Volatility Expert: Little To Fear From VIX At 23-Year Low

Updated on

Leave it to a period of calm to inject nervousness into the market, as it did this week when the Chicago Board Options Exchange’s Volatility Index, or VIX as it is known, dropped to a level not seen in about 23 years. The drift lower in the so-called fear index has market watchers worriedly speculating about a calm before a storm.

Volatility

After all, financial markets are full of patterns, and the VIX’s downward swing had some market participants recalling its dip in 2007, shortly before the subprime mortgage crisis.

But Steve Heston, professor of finance at the University of Maryland’s Robert H. Smith School of Business, says he sees little to fear in the so-called fear index.

“It might be that VIX is fairly priced for the first time – and that risk is fairly low,” says Heston, who developed one of Wall Street’s most widely used Stochastic Volatility models. His statistical method in mathematical finance is used to evaluate derivative assets, such as options.

The VIX gauges expectations for future stock market gyrations based on prices in the options market. It represents the price the market is willing to pay to capture any profit from market movement over the next month, or three months. When the VIX is low, investors are betting that stock prices aren’t going to gain much, or lose much, over a prescribed time.

Historically, VIX options have been overpriced, Heston says, and selling the VIX has been profitable. With the surging popularity of exchange-traded funds (ETFs), there have been more sellers and fewer buyers for the VIX, driving its prices lower.

“So either options have gotten cheap because they should be cheap, because the market is not moving much lately, and it’s not expected to move, or it’s gotten cheap because people are not willing to pay as much for options, because they realize they’ve been historically overpriced,” Heston says.

The VIX has drifted lower since late last year, and Heston estimates that markets don’t see much market risk now that the elections are over. There hasn’t been a recent major terrorist attack, he says, and “despite his tough talk,” Trump has been “cautiously isolationist” in foreign policy. Trump’s one big trade negotiation so far has been on Canadian softwood lumber, a relatively minor matter that’s unlikely to roil the economy.

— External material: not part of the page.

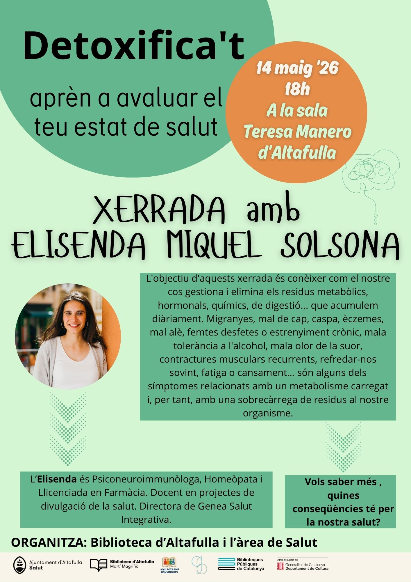 Et convidem a una trobada propera i reveladora amb Elisenda Miquel Solsona, una professional amb una àmplia trajectòria en salut integrativa, que t’ajudarà a comprendre com el teu organisme gestiona i elimina els residus metabòlics, hormonals i ambientals que acumulem dia rere dia.

“It looks like we will have political gridlock, along with some back-and-forth on health insurance policy,” Heston says. But with the U.S. economy generally on firmer footing, that’s not likely to rattle investors.

Volatility is inversely correlated with stock prices, so when stocks are trading around historic highs, as they are now, it makes sense for volatility to be near historic lows, Heston says.

“But volatility is mean-reverting,” says Heston, suggesting that it will gravitate back toward its historical mean or average. “The lows are probably temporary. I can almost guarantee that the VIX will rise when the market falls. And I can guarantee the market will eventually fall.”

If there’s one thing investors know, it’s that nothing travels in a straight line. The stock market cannot keep hitting new highs forever.

“There will be more terrorism. There will be economic issues. The Fed will raise interest rates – or if they don’t raise interest rates, it will be for some reason,” Heston says. “Things will happen.”